At Microsoft we have an internal email list called “Spot the Defect” — people mail around buggy code they’ve discovered and we compete to see who can find the most problems with it. It’s fun, and you learn a lot about what other people consider bugs — everything from security holes to lying comments.
I love playing Spot the Defect. Here is the code for the WScript.Sleep
method with the comments removed and some serious bugs added. You’ll note that this code has all the required features I mentioned in my previous post.
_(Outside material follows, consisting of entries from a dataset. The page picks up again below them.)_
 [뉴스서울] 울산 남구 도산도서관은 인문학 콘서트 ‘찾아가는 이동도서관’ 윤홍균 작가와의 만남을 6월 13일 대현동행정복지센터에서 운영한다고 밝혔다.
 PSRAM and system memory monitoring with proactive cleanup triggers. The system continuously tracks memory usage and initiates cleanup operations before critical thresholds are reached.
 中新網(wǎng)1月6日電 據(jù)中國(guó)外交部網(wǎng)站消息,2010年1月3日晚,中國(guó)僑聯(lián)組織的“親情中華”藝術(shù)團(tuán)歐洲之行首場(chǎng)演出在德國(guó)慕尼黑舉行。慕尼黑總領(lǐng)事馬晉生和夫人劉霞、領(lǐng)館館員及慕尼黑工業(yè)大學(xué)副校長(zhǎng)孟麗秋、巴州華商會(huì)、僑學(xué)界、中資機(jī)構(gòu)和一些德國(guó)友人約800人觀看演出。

We go to sleep in one-second (or less) intervals, and tell the operating system to wake us up if COM posts a message to the message queue, because there might be an event handler to dispatch. We also check to see if the host recorded a script error (either due to an event handler or due to the script timeout firing) so that we can abort the sleep. This way we never keep the script alive more than a second after it was shut down due to error.
What bugs did I add?
HRESULT CWScript::Sleep(long Time) { const DWORD TimerGranularity = 1000; if (Time < 0) return E_INVALIDARG; DWORD StartTickCount = ::GetTickCount(); DWORD EndTickCount = StartTickCount + Time; DWORD CurTickCount = StartTickCount; while(CurTickCount < EndTickCount) { MSG msg; DWORD CurWaitTime = (DWORD)(EndTickCount - CurTickCount); if (CurWaitTime > TimerGranularity) CurWaitTime = TimerGranularity; ::MsgWaitForMultipleObjects( 0, NULL, TRUE, CurWaitTime, QS_ALLINPUT | QS_ALLPOSTMESSAGE); if (0 != ::PeekMessage(&msg, NULL, 0, 0, PM_REMOVE)) ::DispatchMessage(&msg); if (m_pHost->FErrorPending()) return S_OK; CurTickCount = ::GetTickCount(); } return S_OK; }
Commentary from 2019:
Readers from 2019 who are used to reading C# may need the hint that long
and DWORD
are both 32 bit integers.
I don’t recall why we had this strange convention of UpperCasing
local variables; the WSH codebase was actually taken over by the scripting team from another team that had developed it for their own use, and there were a number of odd choices in that codebase. I suspect this was one of them; I’m a big believer in keeping new work consistent with old work, even if you wouldn’t use the conventions of the old work in brand-new green-field code.
There were a lot of good responses to this puzzle:
Is it legal to call
MsgWaitForMultipleObjects
with zero handles?
Yes, in regular desktop or server Windows. A user pointed out that this is not legal in the CE version of Windows.
After
MsgWaitForMultipleObjects
returns, you should pump all waiting messages, not just one.
Great catch! That bug was actually in the code; that’s not the bug I added for this puzzle.
I sent the bug on to the scripting sustaining engineering team.
It looks like there is an overflow bug at
StartTickCount + Time
There is; can you be more specific?
Suppose the machine has been on for just under 49.7 days, which is when
GetTickCount()
overflows, and addingStart
overflows. The end time will be less than the start time, so it will not sleep at all.
That is a bug, but there is a worse one.
Suppose
CurTickCount
andEndTickCount
are very close to overflowing, and the second time you setCurTickCount
it is set to a small value after the overflow. The function will then sleep for 49.7 days.
That’s correct, but it’s actually worse than that; it will sleep for at least 49.7 days, and then it has a possibly very narrow “window” of tick counts that will avoid sleeping for another 49.7 days. If that window is small then we are likely to sleep for a long, long time.
The real code was written to take all of these problems into account; it does all of its timing arithmetic in doubles, which have more than enough range and precision to avoid overflow issues, and detects clock overflows correctly.